Blind School Page 12
The wire-frame elevator rose steadily up the side of the building carrying Tommy, Milford, Jed and Stevie.
Fifty floors high, only its first few floors were complete, the rest a steel and concrete floor skeleton. Its sides were completely open.
‘My, oh my.’ Milford remarked, taking in the view. ‘You can see the whole city from up here.’
Tommy closed his eyes, shuddering. He could hardly bear to look, was terrified. His nerves were racing, so the vibration of his cell-phone in his shirt pocket didn’t register for a second.
Milford stared at it as it rang, smiled lopsidedly.
‘Got a new Sim-card, huh?’
At the other end of the line Ryan muttered urgently, ‘Come on, Tommy, pick-up!’
Ryan strained his ear, could hardly hear the ringing tone above the blaring siren as they sped along. Sat with him in the back of the car was a Blind School op-agent with Jules Mentinck in the front alongside another agent driving.
Milford took the phone out of Tommy’s pocket and pressed END CALL. ‘Somehow don’t think you’ll be needing this any more.’
He threw the phone over the wire-frame and it sailed down the dizzying drop.
Jed and Stevie exchanged another uncomfortable glance: they’d seen some wild, unpredictable moods from Brad before, but nothing like this.
TWENTY-SEVEN
The police presence at Frank Lyle's farmhouse was formidable: five squad cars, three SWAT trucks and a helicopter circling.
A swarm of agents busily searched Lyle's farm and outbuildings while Ellis and Josh Eskovitz confronted Lyle in his farmhouse. Ryan and Jules Mentinck hung in the background.
Ellis Kendell stared at Lyle from only a foot away, gesticulating so sharply it looked as if he was about to hit him.
‘So where have you got her, Frank?’
‘Don't know what you're talking about, I –’

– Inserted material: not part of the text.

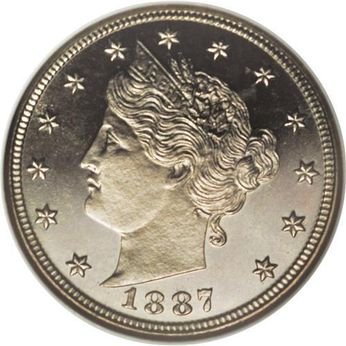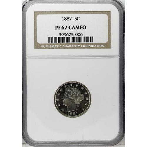 <B>1887 5C PR67 Cameo NGC.</B></I> Silky-smooth with a modest, yet appreciable cameo effect. Both sides are free of noteworthy distractions. The obverse exhibits a soft sky-blue color, while the reverse is ice-blue with a trace of golden-red. Highly appealing with sharply impressed features. Census: 3 in 67 Cameo, 0 finer (12/06).<BR><I>From The Paul Vine Collection.</B></I><BR><BR><b>Shipping:</b> Coin/Currency (<a target="_blank" href="http://www.heritageauctions.com/common/shipping.php">view shipping information</a>)

‘You can cut the crap. We know every last detail of how you did it.’ Ellis reached out and ripped the jacket and protection vest from Lyle.
From Ryan’s perspective, the aura of Abaddon suddenly appeared beneath. Ryan glared at Lyle and nodded to Ellis.
Ellis hooked a thumb towards Ryan. ‘You see this guy, like the girl, is a
'watcher'.’
Lyle smiled tightly. ‘What would be the point in telling you? You're probably too late in any case.’
Ellis looked round sharply as one of his agents walked in.
‘Nothing in the outbuildings or tell-tale in the fields,’ the agent said. ‘Found these though in the glove compartment of one of his vans.’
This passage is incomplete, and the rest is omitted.